Drzwi otworzyły się ze zgrzytem, ale bez oporu. W pomieszczeniu znajdował się… salon. Wszyscy Heroldzi doświadczyli dziwnego uczucia, bo te meble i wystrój wnętrz był właśnie tym co zapamiętali z czasów przed zapadnięciem w letarg. Yusuf, który odruchowo oddychał poczuł jak kurz dostaje się do jego ust i nosa. Nigdzie nie było pajęczyn. Ktoś utrzymywał tu porządek, a jednak nikt nie wietrzył tego miejsca. Najwyraźniej odwiedzający nie musieli oddychać.

W pomieszczeniu był stolik, stojak na gazety z gazetami, dwa fotele, kanapa. Na jednym z foteli siedział mężczyzna w wysokich wojskowych butach. Jego spodnie były dziurawe, a resztę ubrań trudno było rozpoznać. Kawałki mięsa z jego twarzy dawno temu wyżarły szczury, a tam gdzie z jakiegoś powodu nie dotarły rozkład zrobił resztę. Wtedy też Yusuf zrozumiał, że to co oblepiło jego język i nozdrza było rozkładającym się naskórkiem tej osoby.

- Gdzieś tutaj musi być dalsze przejście. Chyba. - zwrócił się Yusuf do Heroldów i podszedł do zwłok. Ich stan wskazywał na to że raczej były ludzkie, albo nawet jeśli wampirze to kogoś kto długo klątwy Caina nie nosił. Szybko je przeszukał i zaczął rozglądać się po pomieszczeniu w poszukiwaniu wskazówek.

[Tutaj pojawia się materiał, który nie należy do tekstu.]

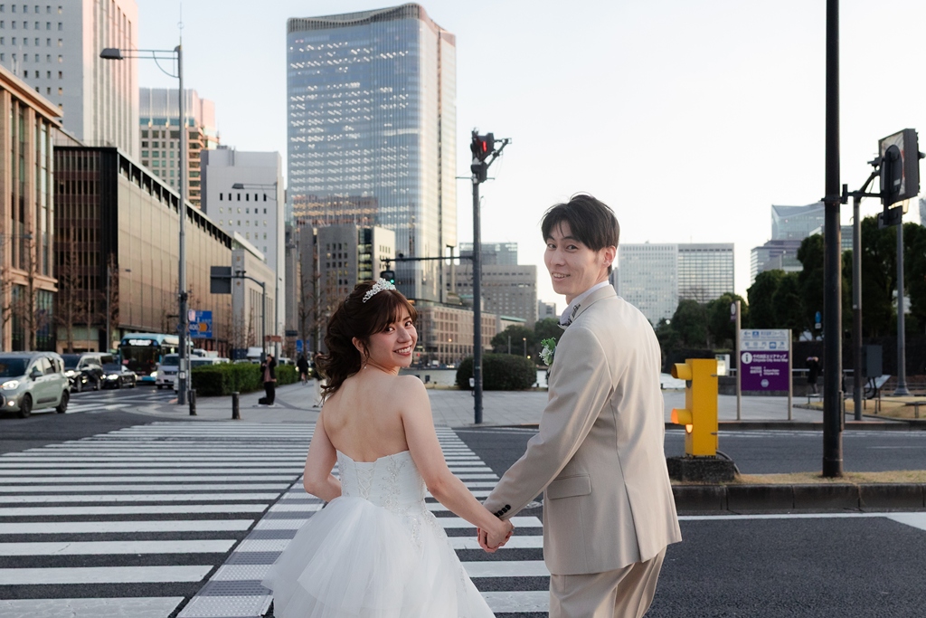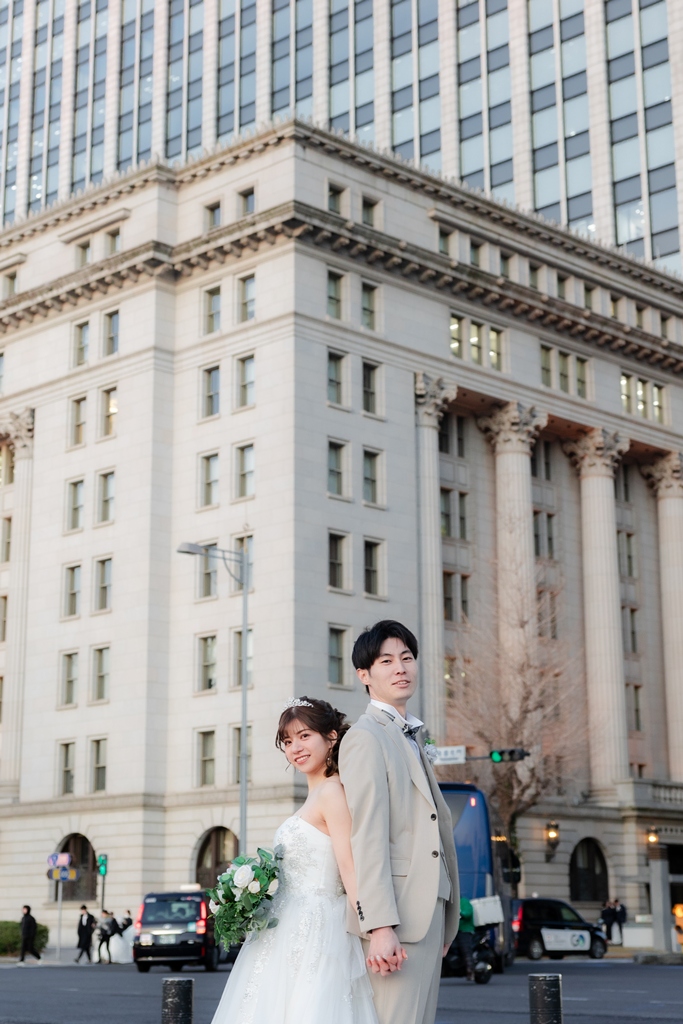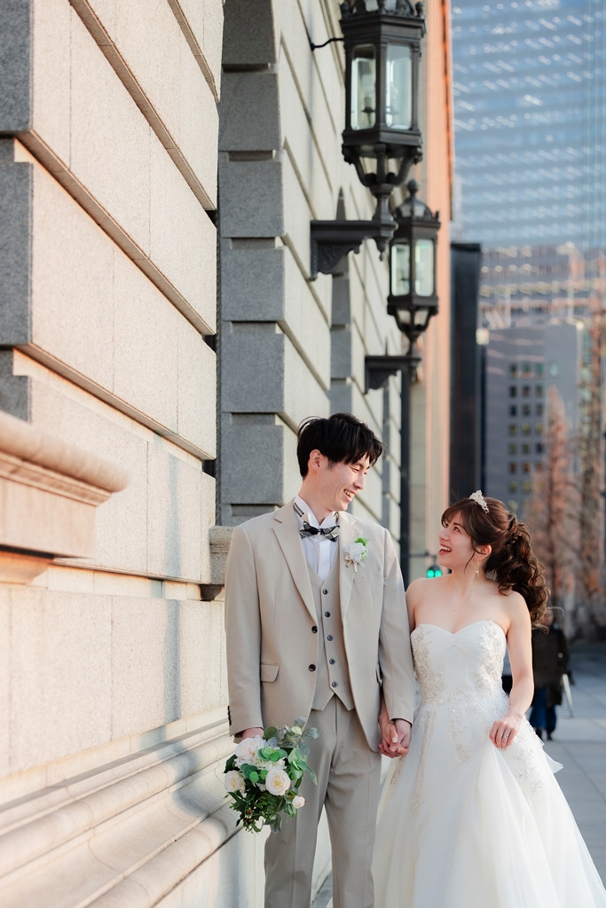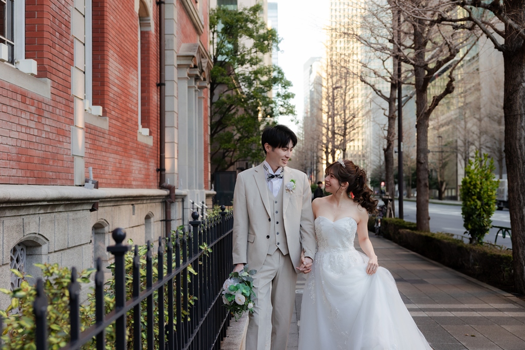 Your warm smiles, the way you held hands, and the glances you exchanged—all of it moved us deeply.Standing in front of Tokyo Station, a place rich in history, your presence in elegant attire seemed to beautifully harmonize with its timeless dignity.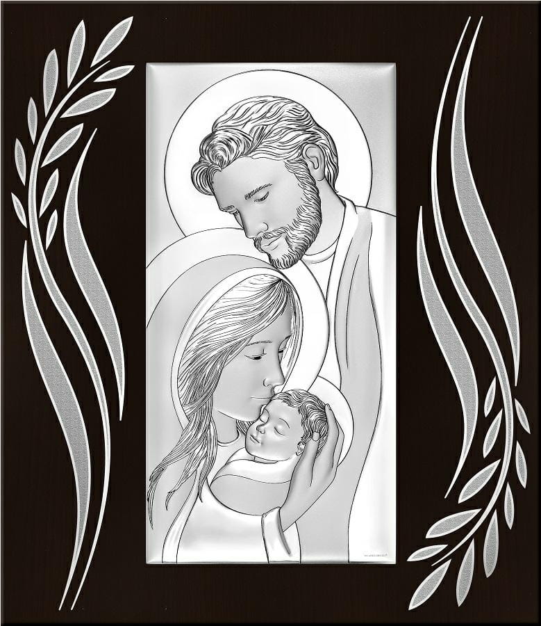 Srebrny obraz w serduszku ze Świętą Rodziną W/6650M.

Tony wszedł nie przejmując się zbytnio trupim odorem, po prostu przestał oddychać. Smród nadal nieznośnie drapał martwe nozdrza wampira, ale dało się to wytrzymać. Sędzia już przeszukiwał zwłoki, ale Tony zainteresował się wiszącymi na wieszaku gazetami. Był ciekawy, czy mógł być nowsze niż wskazywałyby na to znajdujące się w pomieszczeniu zwłoki. Wskazywały daty pomiędzy kwietniem a czerwcem 1940 roku, a to mogło wiele znaczyć i Tony nie sądził, aby był to przypadek:

- Gazety są dokładnie z czasu kiedy zaginął Mithras. - podzielił się tym cicho z innymi i przejrzał stare papiery, aby sprawdzić, czy nie było w nich czegoś wielce znaczącego.
Potem chciał sprawdzić czy w tajemniczym pokoju nie ma innego wyjścia, być może starannie ukrytego. Nie szukał długo. Nawet nie odszedł od stojaka z gazetami, tylko wskazał kainitom wystający lekko z podłogi właz, podobny do tego jaki zatrzaśnięto nad nimi zeszłego dnia:

- Kolejny bunkier panowie - stwierdził krótko i w zasadzie retorycznie spytał, bo odpowiedź nasuwała się sama: - Schodzimy?
Moment. - odpowiedział krótko traper, odsuwając ostrożnie właz. Najpierw zerknął w dół, ale zdołał wypatrzeć w ciemności tylko betonową posadzkę i drabinkę. Indianin poprosił wszystkich gestem o moment ciszy i zaczął nasłuchiwać odgłosów z tuneli. Niestety - oprócz szumów, nie było słychać nic innego.
Zgadzam się z nastawieniem Sędziego. Każdy kogo tam spotkamy jest potencjalnym zagrożeniem. Jeśli cokolwiek wzbudzi nasze podejrzenia, odpowiadamy siłą. Sowo, chcesz iść przodem? Nie wiem jak jest tam ciasno, szczególnie jeśli planujesz używać… - zerknął porozumiewawczo na ostrze wampira. Sam odbezpieczył zdobyczny karabin.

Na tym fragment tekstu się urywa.